Let $a,b,c\ge 0$, and assume $a+b+c=3$.
I'd like to show that $$\frac{a}{\sqrt{b^2+b+1}}+\frac{b}{\sqrt{c^2+c+1}}+\frac{c}{\sqrt{a^2+a+1}}\ge\sqrt{3}$$
My try: Use Hölder inequality $$\left(\sum_{cyc}\dfrac{a}{\sqrt{b^2+b+1}}\right)\left(a\sqrt{b^2+b+1}\right)^2\ge (a+b+c)^3\,,$$ then we only need to prove this $$\sum_{cyc}a(b^2+b+1)=\sum_{cyc}(ab^2+ab+a)\le 9$$ but $$ab^2+bc^2+ca^2+ab+bc+ac\le 6$$ is not true.
So I can't prove it.
I'm going to use two facts. The first one can be obtained as following: $$\begin{align} ab + bc + ca &\leqslant a^2 + b^2 + c^2, \\ 3(ab + bc + ca) &\leqslant (a + b + c)^2 = 9, \\ ab + bc + ca &\leqslant 3. \end{align}$$
And the second one: $$\frac{1}{\sqrt{x^2 + x + 1}} \geqslant \frac{\sqrt{3}}{2} - \frac{x}{2\sqrt{3}}$$ (here's Wolfram Alpha visualization, a bit later I'm going to prove it more rigorously).
So, putting it all together: $$ \begin{align} \frac{a}{\sqrt{b^2 + b + 1}} + \frac{b}{\sqrt{c^2 + c + 1}} + \frac{c}{\sqrt{a^2 + a + 1}} &\geqslant \frac{\sqrt{3}}{2}(a + b + c) - \frac{ab + bc + ca}{2\sqrt{3}} \\ &\geqslant \frac{3\sqrt{3}}{2} - \frac{\sqrt{3}}{2} = \sqrt{3} \end{align}$$
Lemma. $\displaystyle \frac{1}{\sqrt{x^2 + x + 1}} \geqslant \frac{\sqrt{3}}{2} - \frac{x}{2\sqrt{3}},\ \forall x \geqslant 0$.

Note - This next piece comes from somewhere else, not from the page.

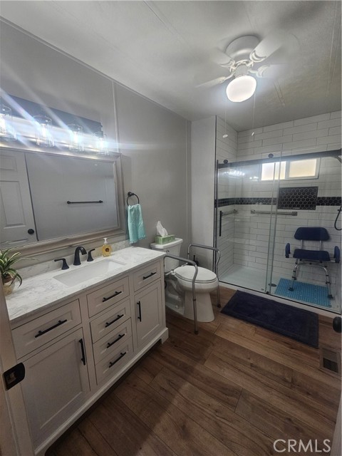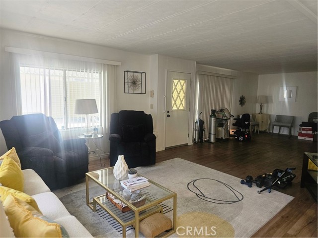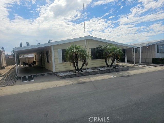 What's New? EVERYTHING!! within one year to now! Newly installed $8000.00 REMODELED HANDICAPPED Walk-In Shower in Primary Bathroom, including NEW fixtures, commode, sink & vanity cabinets; NEW commode in 2nd Guest Bathroom, NEW paint & NEW Laminate flooring throughout, NEW kitchen sink, faucets & lighting with TWO Pantries and a circular BREAKFAST BAR; NEW Blinds for the many windows; In a separate room is the laundry area with NEW washer & Dryer less than one year old, counters and storage, could be used as an office too! NEW ROOF 2021, Plus Wall to Wall Closet in H-U-G-E Primary Bedroom. THIS HOME BOASTS OF "NO HALLWAYS", perfect for handicapped accessibility. Light & Bright, INCREDIBLE AMOUNT OF STORAGE throughout this gorgeous home too! So much more to say.....with the low profile entrance, no steps, the full length covered side patio with privacy panels, room for gardening or ? in the back of the home. Orange Grove is the Best & Finest All Age Communities in prestigious Redlands, offering a serene, quite atmosphere for their residents. Lots to do and participate in when the Community Rec Hall doors open for POTLUCKS, BINGO NIGHT, SOCIALS, COFFEE KLATCH, POOL/BILLIARD TABLES & GYM/EXERCISE RM too. Enjoy the outdoor pool & jacuzzi, family BBQ & Picnic area and all of the wonderful residents that call Orange Grove Mobile Estates home! (Ser#A/B5468) Did I mention RV Parking is available for only $40.00??? Make that phone call today and let's get you Pre-Qualified. Lot rent for this home is only $939.72. WOW!

Note that $\displaystyle \frac{\sqrt{3}}{2} - \frac{x}{2\sqrt{3}} = \frac{1}{2\sqrt{3}}(3 - x) < 0$ for $x > 3$. So, for these $x$ we get obvious inequality that square root of something is greater than $0$.
For $x \in [0, 3]$: $$ \begin{align} \frac{1}{\sqrt{x^2 + x + 1}} \geqslant \frac{\sqrt{3}}{2} - \frac{x}{2\sqrt{3}} &\Longleftrightarrow 12 \geqslant (x^2 + x + 1)(3 - x)^2 \\ &\Longleftrightarrow x^4 - 5x^3 + 4x^2 +3x - 3 \leqslant 0 \\ &\Longleftrightarrow (x - 1)(x^3 - 4x^2 + 3) \leqslant 0 \\ &\Longleftrightarrow (x - 1)^2(x^2 - 3x - 3) \leqslant 0 \end{align}$$ which is true because roots of $x^2 - 3x - 3$ are: $x_1 = \frac{1}{2}(3 - \sqrt{21}) < 0$, $x_2 = \frac{1}{2}(3 + \sqrt{21}) > 3$. So for $x \in [0, 3]$ holds $x^2 - 3x - 3 < 0.$